I thank @Graptemys for editing in OSM, and with JOSM, which those who use it know has a definite learning curve. While I’m at it, I thank everybody who edits in OSM, with whatever editor whatsoever!

That said, I am also reluctant to see higher-resolution data become lower-resolution data, regardless of how “remote” it might be. (Earth is Earth is Earth, you are welcome quote me on that). There’s been a lot of good, quite technical advice offered here, including @amapanda_ᚐᚋᚐᚅᚇᚐ 's recent suggestion to use Wireframe View.

I’ve been editing massive (>100,000 node) objects in OSM for quite a while, including ginormous national forests about ten years ago, but I simply had to stop as it was crippling my machine. (A decent Mac at the time, I wouldn’t call it “big iron,” it was big enough for most things, but those forests were just too much). Of course, I’ve since upgraded, though for this scale of editing, 64 GB of RAM isn’t too much.
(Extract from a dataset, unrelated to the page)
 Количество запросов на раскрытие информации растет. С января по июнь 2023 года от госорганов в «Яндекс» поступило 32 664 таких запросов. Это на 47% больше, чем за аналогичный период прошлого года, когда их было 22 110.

I did learn a few tricks with JOSM (it being a Java app), maybe they’ll work for you. Please try to increase the heap space you offer to the program at launch, and you might not be asking about “simplifying” OSM data (let’s call this what this is: dumbing down our data). I don’t want to dumb down for the convenience of editing, so get down to the command-line (a shell in Unix/Linux, a Terminal window in macOS, a CLI in Windows…) and see if you can launch JOSM like this (I’m on a Mac, hence the path/location you see here):

java -jar /Applications/josm-tested.jar

You really should be able to do this. Actually, I also add -Dsun.java2d.opengl=true and you might, too.
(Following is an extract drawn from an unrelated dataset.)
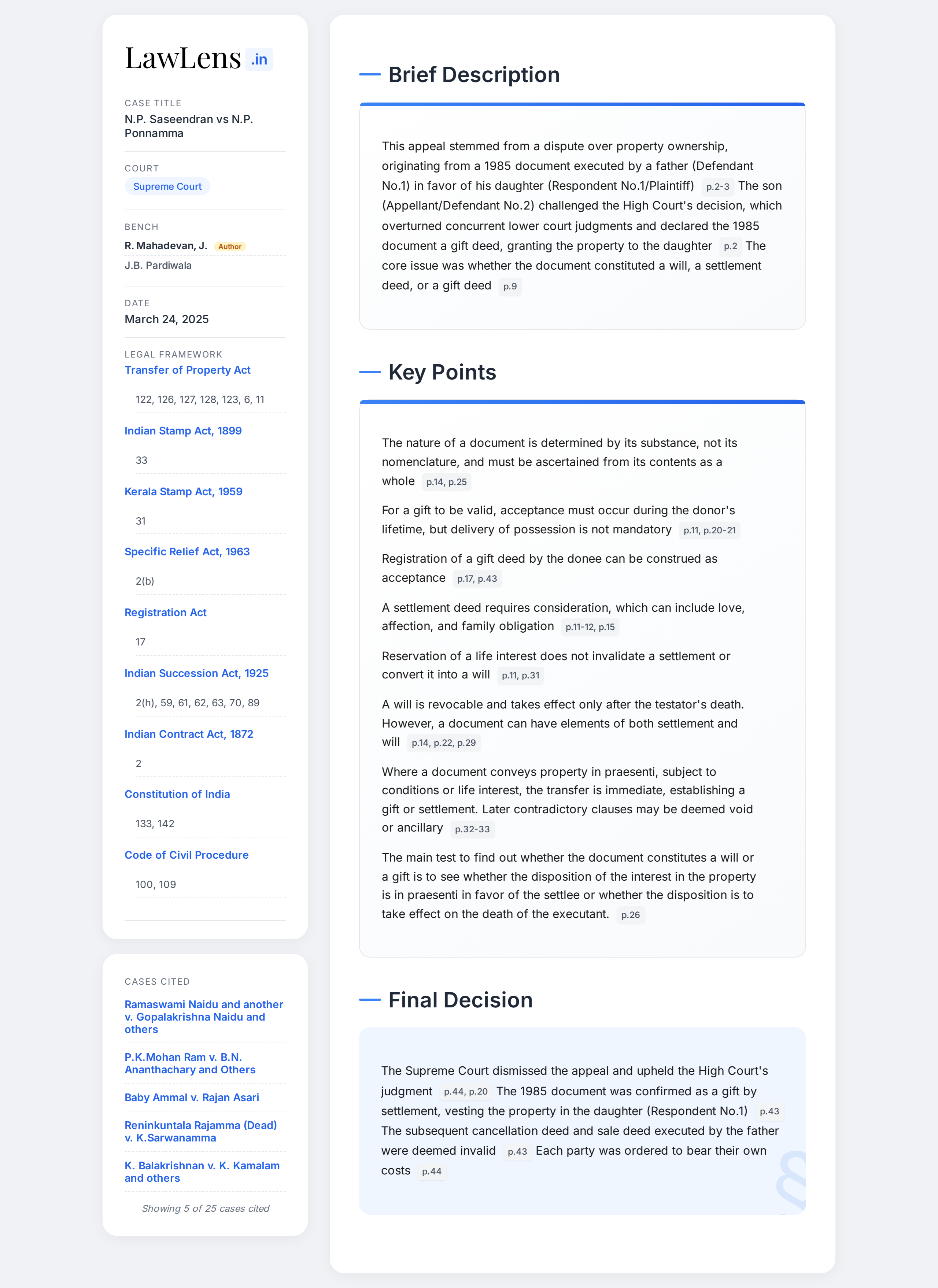 N.P. Saseendran vs N.P. Ponnamma 2025 INSC 388 - Gift, Settlement & Will

I’m talking about radically increasing JOSM’s heap space. If you have 32 GB (minimum for what I’m talking about) or 64 GB (or more) of RAM, this can seriously help. My usual JOSM startup command “beefs up” to 2 gigabytes of RAM (up from .5 GB in the old days, to 1 GB, now 2 GB):

java -Dsun.java2d.opengl=true -Xmx2048m -jar /Applications/josm-tested.jar

took a bit under 2 minutes (108 seconds) to open relation/6563858. But when I changed the -Xmx2048m (2 gigabytes of heap) command-line parameter to -Xmx8192 (8 gigabytes of heap), so, to be clear, the command-line I use to throw a pretty-large 8 gigabyte heap at JOSM is:

java -Dsun.java2d.opengl=true -Xmx8192m -jar /Applications/josm-tested.jar

JOSM opened this gigantic lake in 44 seconds, about a 60% savings (in time of loading and displaying).
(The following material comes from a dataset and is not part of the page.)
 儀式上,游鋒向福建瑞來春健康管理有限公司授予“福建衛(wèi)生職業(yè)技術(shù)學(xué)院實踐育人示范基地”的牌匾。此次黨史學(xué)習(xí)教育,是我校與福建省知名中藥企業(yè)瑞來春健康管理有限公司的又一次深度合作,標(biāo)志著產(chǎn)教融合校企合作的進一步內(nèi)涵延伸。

While I’m all for “sane simplification” when warranted, let’s not (needlessly) simplify our data, let’s provide our tools the resources they need to do their job properly.

I hope this helps.

dieterdreist · March 24, 2023, 10:13am

improving editor settings aside, I think it would be acceptable to modify OSM data in a way that it is easier (and less resource hungry) to edit, but it should not involve downgrading, rather one could split huge polygons by converting into a multipolygon and splitting the outline into several ways. For local modifications you would not have to download all the lake but just the local parts.

stevea · March 24, 2023, 10:14am

An excellent suggestion!